It’s Not World War II

From the White House to TIME magazine, comparisons between the war on terror and World War II are flying fast and thick. With the 60th anniversary of the Normandy invasion this weekend, the dedication of the World War II memorial in Washington, D.C., and a political campaign underway, that is perhaps understandable — but most of the comparisons miss the mark by ignoring the vast differences between the two endeavors.

The Second World War earned that designation because it truly was a war fought across the face of the globe. Major powers involved on both sides of the conflict fielded forces with millions of soldiers, tens of thousands of planes and tanks, and thousands of ships and submarines. In the United States alone, over 16 million citizens served in the Army, Navy, and Marines during the course of the war1, out of a population of about 130 million2 — nearly one-eighth of the population. With 290 million Americans today3, the current combined size of the armed forces and National Guard is about 2 million4,5. The proportion of service people to the general population was 17 times larger during World War II.

That disparity in scale is just one of the ahistorical notes struck over the past couple of weeks. In TIME‘s coverage of the D-Day anniversary, it seemed as if the links between the two wars were intended to bolster the case for the cover headline: “D-Day: Why It Matters 60 Years Later”. By giving the two wars equal weight, TIME was probably trying to make D-Day relevant to an audience of an age too young to have even been eligible for service in Vietnam. One caption reads: “Like [General Dwight D.] Eisenhower, [General John] Abizaid is facing the challenge of a generation, and the military campaign is only part of the battle”.6 In 1944, Eisenhower was planning the invasion of a continent that had been taken over, fortified, and held for four years by a an enormous German military force that was on a technological par with the Allies. Although Germany had been losing in Italy and on the Eastern Front by that point, there was still serious doubt about the success of the Normandy invasion. Decisions Eisenhower had to make sent thousands of Allied soldiers to their deaths — and that was if the plans went off without a hitch. The Iraq theater is terribly dangerous for the soldiers on the ground, but to equate the burdens of the commanders or political leaders involved is absurd. Iraq hasn’t had functional air power since it was destroyed during the first Gulf War. The American force unleashed on Iraq’s army in 1991 pushed it from Kuwait in a matter of days (after several weeks of bombing), and it collapsed again in 2003. The various groups fighting a guerilla war against American troops in Iraq don’t have tanks or sophisticated equipment, their primary advantage is operational camouflage: the ability to move relatively undetected through the population.

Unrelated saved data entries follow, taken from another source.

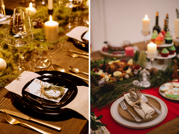 *Natal: Uma composição de louças bem escolhida faz a diferença. A tônica da festa permite tonalidades mais quentes e coloridas, acrescidas de arranjos naturais feitos com galhos, pinhas e folhas verdes.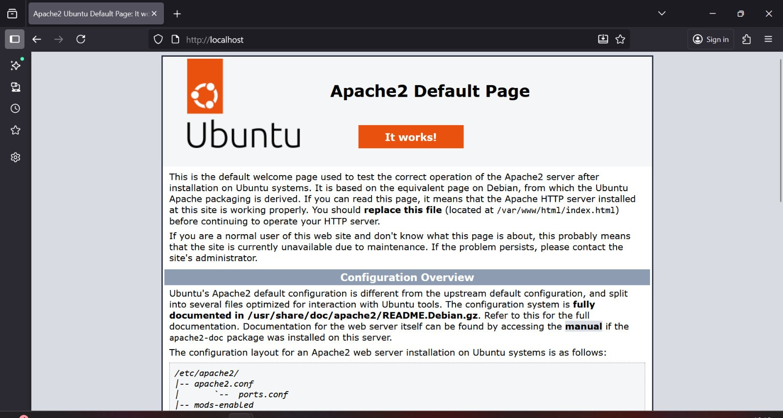 Visit the local address on host machine (http://localhost:8080). This should display the Apache default page, confirming that the Apache web server has been successfully Dockerized and is running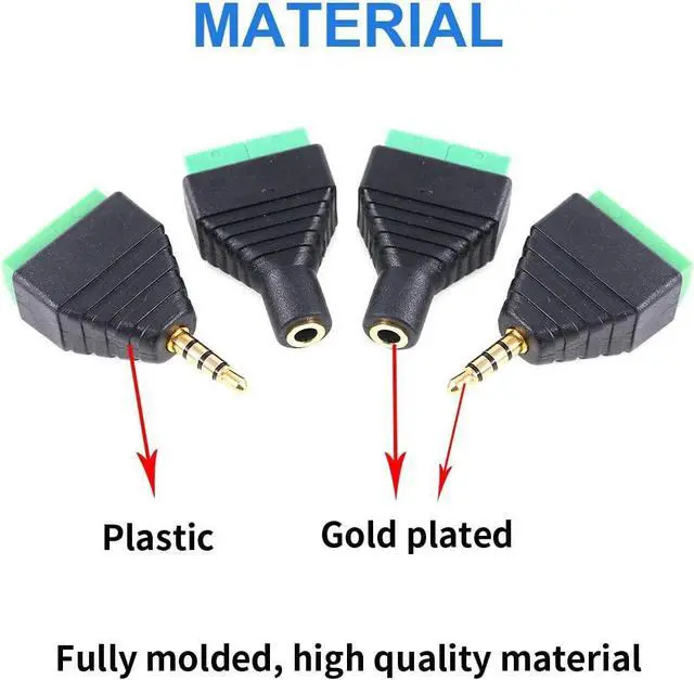 Material: They are made of high quality copper and plastic with gold plated for maximum signal transfer & durability. It has four total conductors - three signal and a ground as opposed to a more common stereo jack's two.
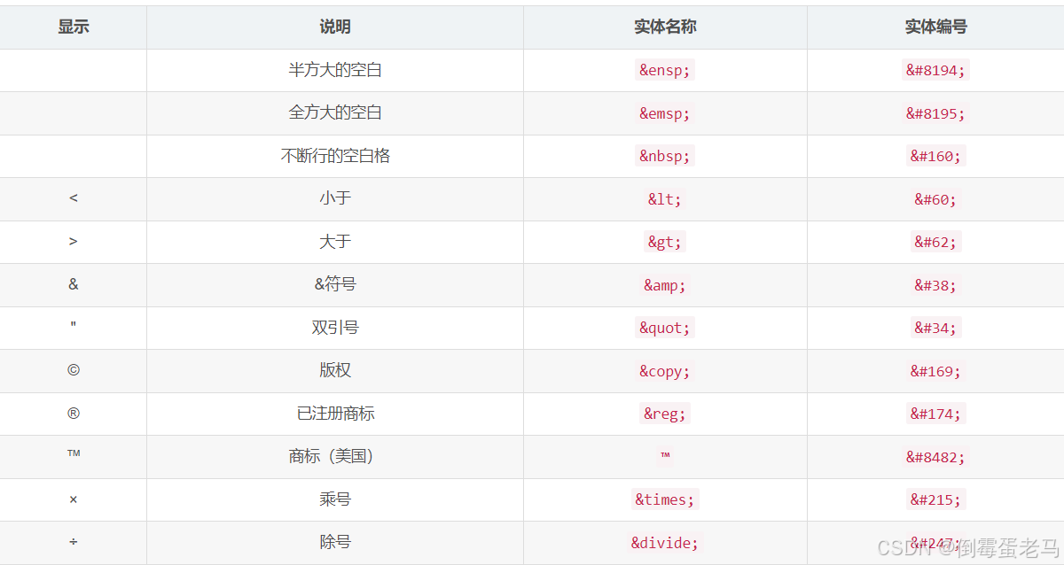 在网页上显示的一些特殊符号,称为字符实体,也叫符号实体
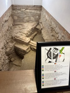 Ansonsten Vitrinen und Grundmauern/Gräber unter gläsernen Laufwegen.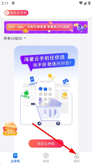 1、打开川川云手机,点击底部我的选项。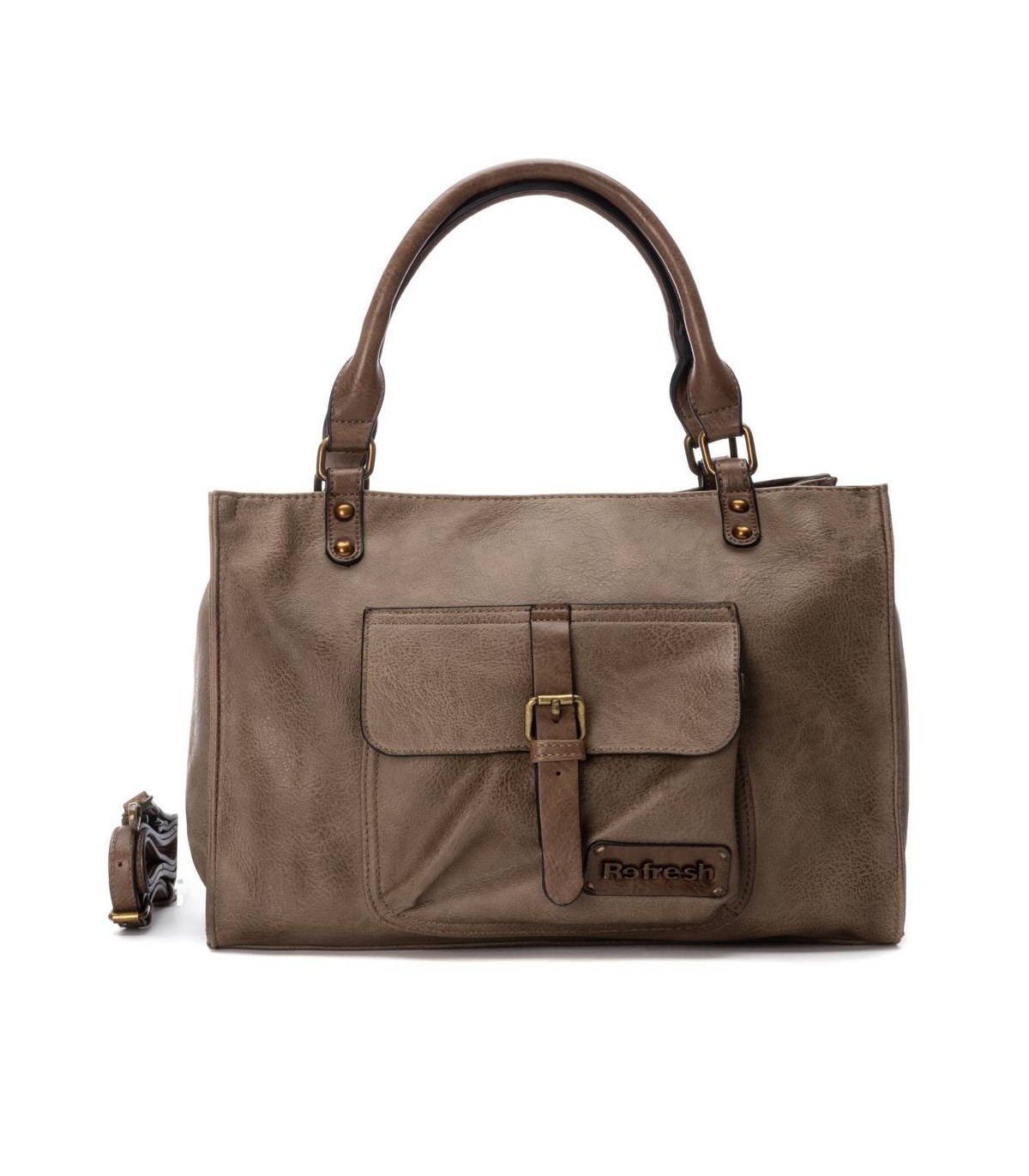Bolso de mujer de la marca Refresh. Fabricado en material que imita la piel, suave y resistente. Su diseño incluye bolsillos interiores con forro y un bolsillo exterior con cierre metálico. Práctico y versátil, con asa corta y bandolera regulable. Medidas: 26 x 35 x 12 cm. Este modelo ha obtenido el certificado vegano por la organización mundial PETA (Organización de los derechos de los animales).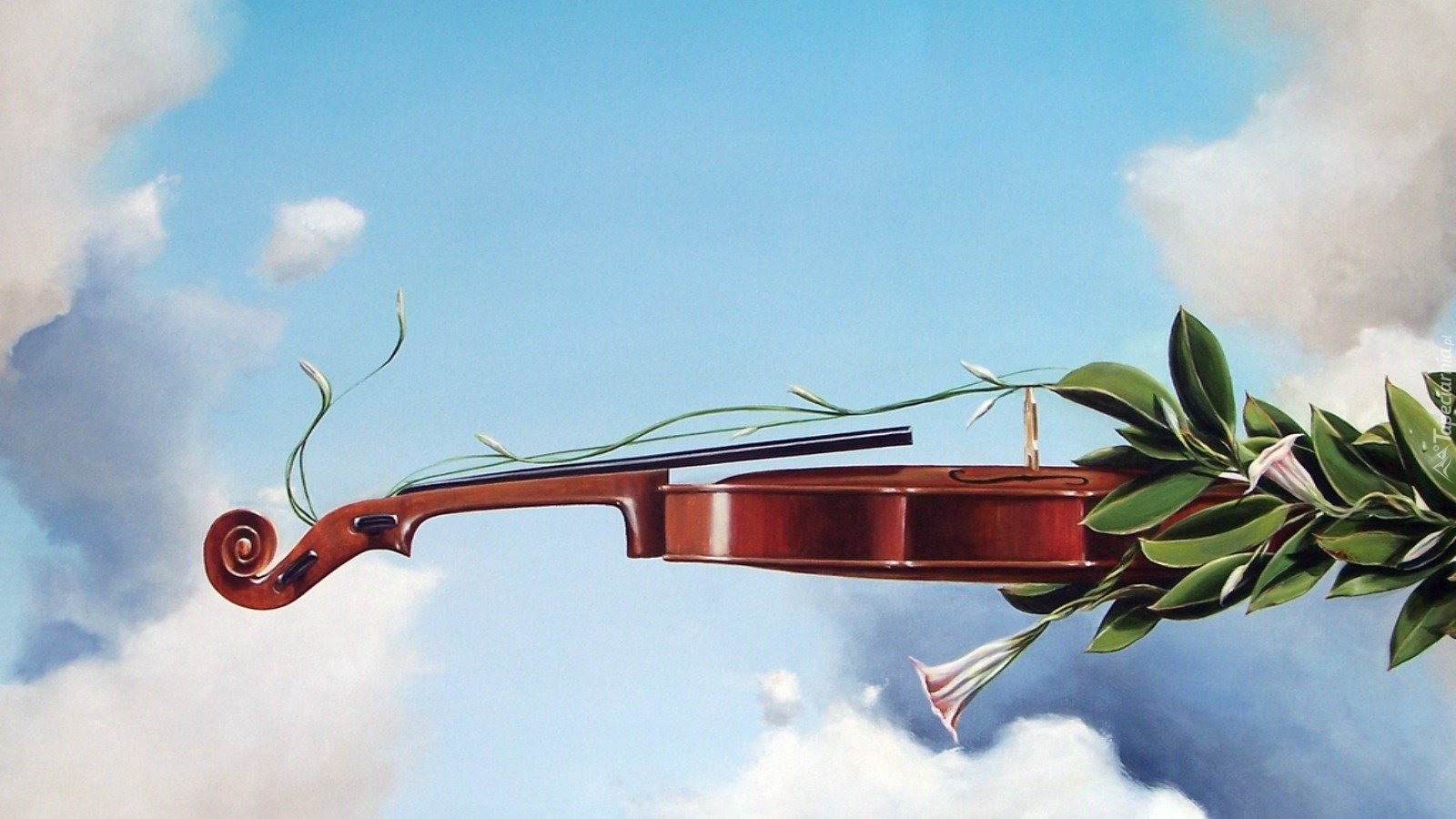 ![Скрипка на фоне цветов]()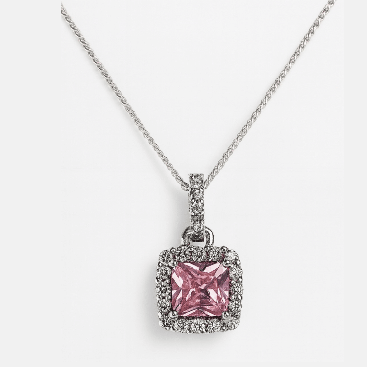 Tämä rodinoidusta 925-hopeasta valmistettu CK Silver -kaulakoru ihastuttaa ylellisen säihkyvällä keskikivellään, jonka ympärillä kimaltelee kaunis zirkoniareunus. Valitse suosikkisi kahdesta upeasta väristä: herkkä pinkki tai raikas turkoosi – molemmat sopivat täydellisesti niin arkeen kuin juhlaan.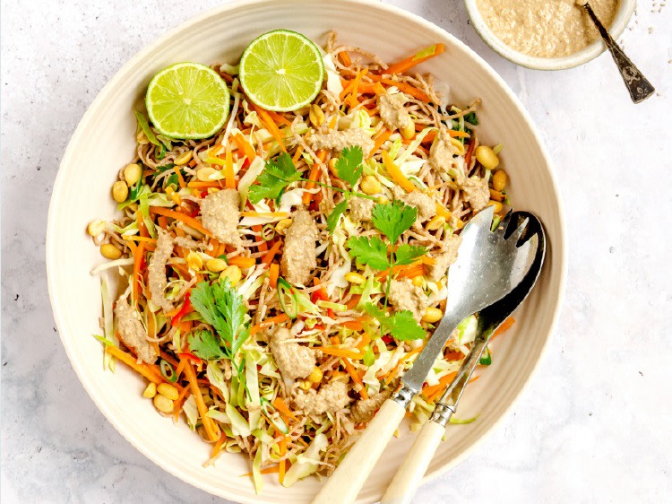 Asiatisk salat med nudler og hjemmelavet gomadressing

Another problem with these comparisons is their tunnel viewpoint. In his remarks on June 2 at the Air Force Academy graduation, President George W. Bush said: “Like the Second World War, our present conflict began with a ruthless, surprise attack on the United States”.7 Of course, by “our” he meant America’s involvement, but by framing the Second World War in that manner, he ignored years of aggression by the Axis powers: Japan’s invasions of Manchuria and China in the 1930s; Italy’s colonization of Ethiopia in 1936; Germany’s annexation of Austria and Czechoslovakia in 1938; invasion of Poland in 1939; invasion of Holland, Belgium, and France in 1940; the Battle of Britain, the Blitz, and invasion of the Soviet Union in 1941. France and the United Kingdom declared war on Germany, Italy, and Japan over two years before America joined the battle, and they paid heavily for it, as did citizens in every country occupied by the Axis powers and even many citizens of the Axis countries themselves. Hundreds of civilians died in nightly bombing raids on both sides during the war.

It’s a viewpoint that ignores or trivializes the contributions and sacrifices of other countries and peoples, by limiting the discussion to the impact only on America and Americans. Equating World War II and the war on terror brings that minimization full circle by discounting even the costs of the American generation that fought the war. On the average, over 200 U.S. military personnel were killed every day for more than 1,300 days.8 That was the reality for leaders like President Franklin D. Roosevelt and General Eisenhower, and for the American people during the early 1940s. Pretending that the current war is comparable, that American history has somehow been modified as drastically by its conflict with terrorism as it was by the conflict with fascism — for whatever reason — discounts the sacrifices of millions of Americans.

Notes:
1 Universal Almanac (1994), p.126, citing U.S. Department of Defense, Defense 91 (1991)
2 Universal Almanac (1994), p.282, citing U.S. Bureau of the Census, U.S. Summary, Number of Inhabitants (1981)
3 U.S. Bureau of the Census Web home page
4 U.S. Department of Defense Directorate for Information Operations and Reports, Active Duty Military Strength by Fiscal Year – FR 1950 through FY2002.
5 Army National Guard web site, Financial Statements 2003.
6 TIME, May 31, 2004, p.42
7 White House web site, President Bush speaks at Air Force Academy Graduation.
8 Universal Almanac (1994), p.126, citing U.S. Department of Defense, Defense 91 (1991). Calculation based on 291,557 battle deaths over the period between December 7, 1941 and August 15, 1945: 1,347 days.